Z-score assumes normal distribution. If your data is multimodal (e.g., sensor has day/night modes), Z-score produces many false positives. Always plot a histogram first. For multimodal data, use K-means with multiple clusters.
Training on Data Containing Anomalies
If anomalies sneak into training data, the model learns they’re “normal” and fails to detect future anomalies. Always verify training data is clean or use robust statistical methods that handle outliers.
Updating Statistics with Detected Anomalies
In the Arduino Z-score detector, only update mean/std when !isAnomaly. Otherwise, extreme values shift the baseline and future anomalies appear normal.
Setting Threshold Too High
Threshold = 3σ catches only 0.3% of normal data as false positives, but also misses subtle anomalies. Start with 2-2.5σ for most applications, then tune based on false positive rate.
Ignoring Concept Drift
Sensors drift over time (temperature, calibration changes). Use adaptive thresholds with exponential moving averages or periodic retraining to track gradual changes.

Quick Reference

Z-Score Detector (Arduino)

const int WINDOW_SIZE = 50;
const float THRESHOLD = 2.5;

float buffer[WINDOW_SIZE];
int bufferIndex = 0;
int bufferCount = 0;
float runningSum = 0;
float runningSumSq = 0;

bool detectAnomaly(float value) {
    // Calculate mean and std from running sums
    float mean = runningSum / max(bufferCount, 1);
    float variance = (runningSumSq / bufferCount) - (mean * mean);
    float std = sqrt(max(variance, 0.0001));

    float z = abs(value - mean) / std;
    bool isAnomaly = (bufferCount >= 10) && (z > THRESHOLD);

    // Only update with normal values
    if (!isAnomaly) {
        if (bufferCount == WINDOW_SIZE) {
            runningSum -= buffer[bufferIndex];
            runningSumSq -= buffer[bufferIndex] * buffer[bufferIndex];
        } else bufferCount++;

        runningSum += value;
        runningSumSq += value * value;
        buffer[bufferIndex] = value;
        bufferIndex = (bufferIndex + 1) % WINDOW_SIZE;
    }
    return isAnomaly;
}

K-Means Detector (Python)

from sklearn.cluster import KMeans
import numpy as np

# Training
kmeans = KMeans(n_clusters=3).fit(normal_data)
distances = kmeans.transform(normal_data)
min_distances = distances.min(axis=1)
threshold = np.percentile(min_distances, 99)  # 99th percentile

# Detection
def detect_kmeans_anomaly(point):
    distances = kmeans.transform([point])[0]
    min_distance = distances.min()
    return min_distance > threshold, min_distance

Tiny Autoencoder (TensorFlow)

# Training (normal data only!)
autoencoder = tf.keras.Sequential([
    tf.keras.layers.Dense(8, activation='relu', input_shape=(20,)),
    tf.keras.layers.Dense(4, activation='relu'),  # Bottleneck
    tf.keras.layers.Dense(8, activation='relu'),
    tf.keras.layers.Dense(20, activation='linear')
])
autoencoder.compile(optimizer='adam', loss='mse')
autoencoder.fit(normal_sequences, normal_sequences, epochs=50)

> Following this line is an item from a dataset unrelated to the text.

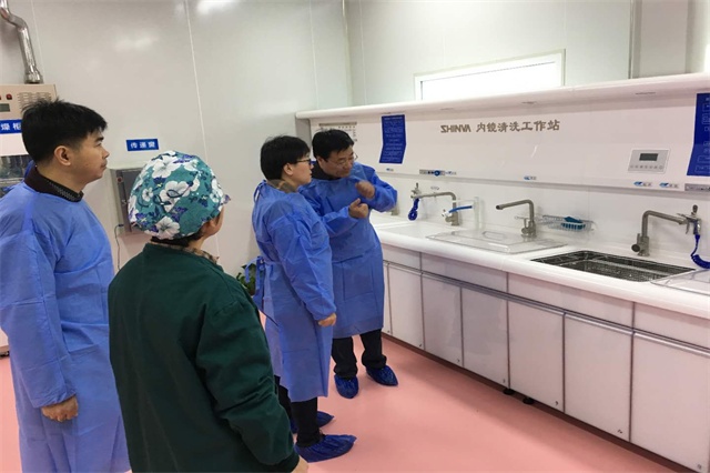 我院消毒供应中心在院领导和护理部及各个部门的辛苦努力下,搬迁已半年有余,在这半年来科室从刚开始搬迁后的不规范到现在工作逐步规范化,各区工作井然有序。全院所有器械已实行集中式规范化管理。通过外派专人学习,胸腔镜器械清洗、消毒、灭菌已经顺利开展。2018年12月18日,虽说是冬日,阳光灿烂,中科院生物物理所佛山分所所长、国家万人计划科技创新领军人才、首届全国科技创新争先奖获得者、国家重大专项TB疫苗研发首席、国家重点领域创新团队带头人毕利军教授及助理一行4人在我院授课结束后,由刘锦程院长和仵倩红副院长陪同参观了我院消毒供应中心。

# Set threshold from training error
train_mse = np.mean((normal_sequences - autoencoder.predict(normal_sequences))**2, axis=1)
threshold = np.percentile(train_mse, 95)

# Detection
def detect_autoencoder_anomaly(sequence):
    reconstruction = autoencoder.predict([sequence])
    mse = np.mean((sequence - reconstruction)**2)
    return mse > threshold, mse

Method Comparison Table

Method Memory Latency Complexity Best For
Z-Score ~100 B <1 ms Very Low Arduino, single sensor
Moving Avg ~1 KB <1 ms Low Time series trends
K-Means ~10 KB ~5 ms Medium Multi-dimensional, multiple modes
Autoencoder ~50 KB ~10 ms Higher Complex non-linear patterns

Evaluation Metrics

\[\text{Precision} = \frac{TP}{TP + FP} \quad \text{(What \% of alarms are real?)}\]

\[\text{Recall} = \frac{TP}{TP + FN} \quad \text{(What \% of anomalies caught?)}\]

\[\text{F1 Score} = \frac{2 \times Precision \times Recall}{Precision + Recall}\]

Trade-off Example: Manufacturing QC prioritizes precision (minimize false alarms that stop production). Security systems prioritize recall (catch all intrusions, tolerate false alarms).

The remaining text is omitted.